A: Sites will be responsible for training their local study teams and clinical staff initially and throughout the course of the trial. The SIREN CCC will provide training materials, available online for easy access (protocol training, in-service slides, etc.), as well as study materials to be distributed locally (e.g. pocket cards, trial posters, etc.). As sites develop their own materials, we encourage sharing across the network and can post these materials in the BOOST 3 Toolbox.
Q: What trial equipment will be provided to sites?

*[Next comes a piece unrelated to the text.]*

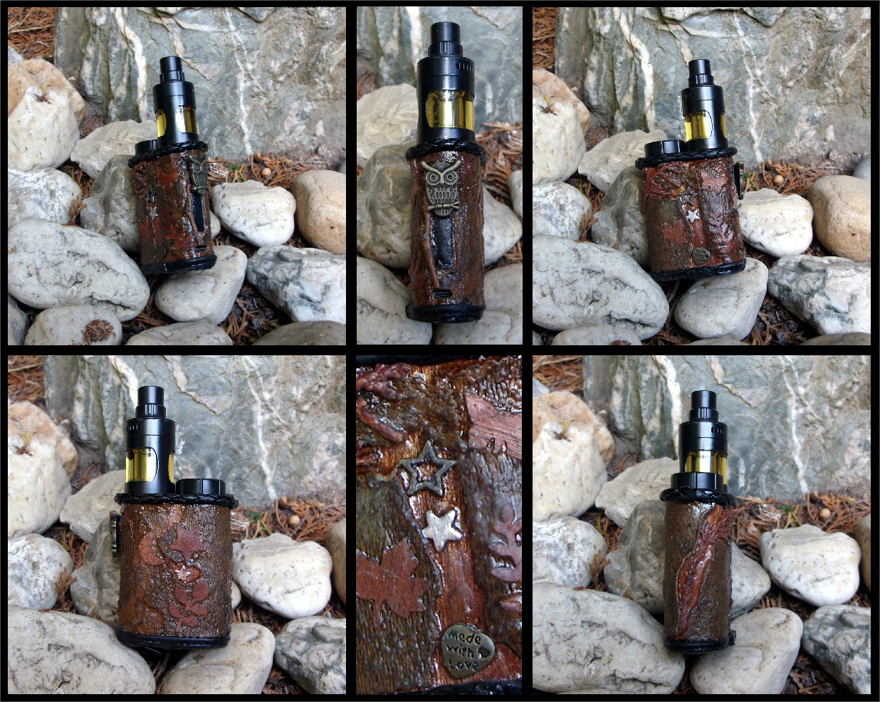 Mein erster Eindruck kurz nach der Fertigstellung war der eines Überfrachtet-Seins, zu viele Dinge und so, doch mittlerweile freue ich mich schon auf den Feierabend, wenn ich dann endlich schön gemütlich zu Hause diese Holz-Pico in die Hand nehmen, betrachten und dampfen kann. Heute finde ich ihr Aussehen sogar die gelungendste Bastelarbeit von allen. Wie sich das doch ändern kann, nicht wahr?

A: The SIREN CCC will be lending Moberg CNS monitors (CNS-310) to all enrolling sites. So long as sites continue to enroll, the devices will remain on site. Should sites discontinue enrollment, the devices will be returned to the SIREN CCC. Pbt02 monitors will not be provided by the SIREN CCC. For enrolling sites, startup payments will include some funds to partially offset the cost of site’s PbtO2 ownership. The cost of probes is built into per subject payments.
Q: What is the per subject reimbursement?
A: The per subject reimbursement has not yet been finalized. However, it is expected to be approximately $12,500, which is inclusive of indirects. Per subject reimbursement will be milestone driven.
Q: Will there be an initial BOOST 3 Investigator Meeting?
A: Yes. We anticipate that this will take place in the first quarter of 2019. Meeting details and location will be distributed as soon as we have further information.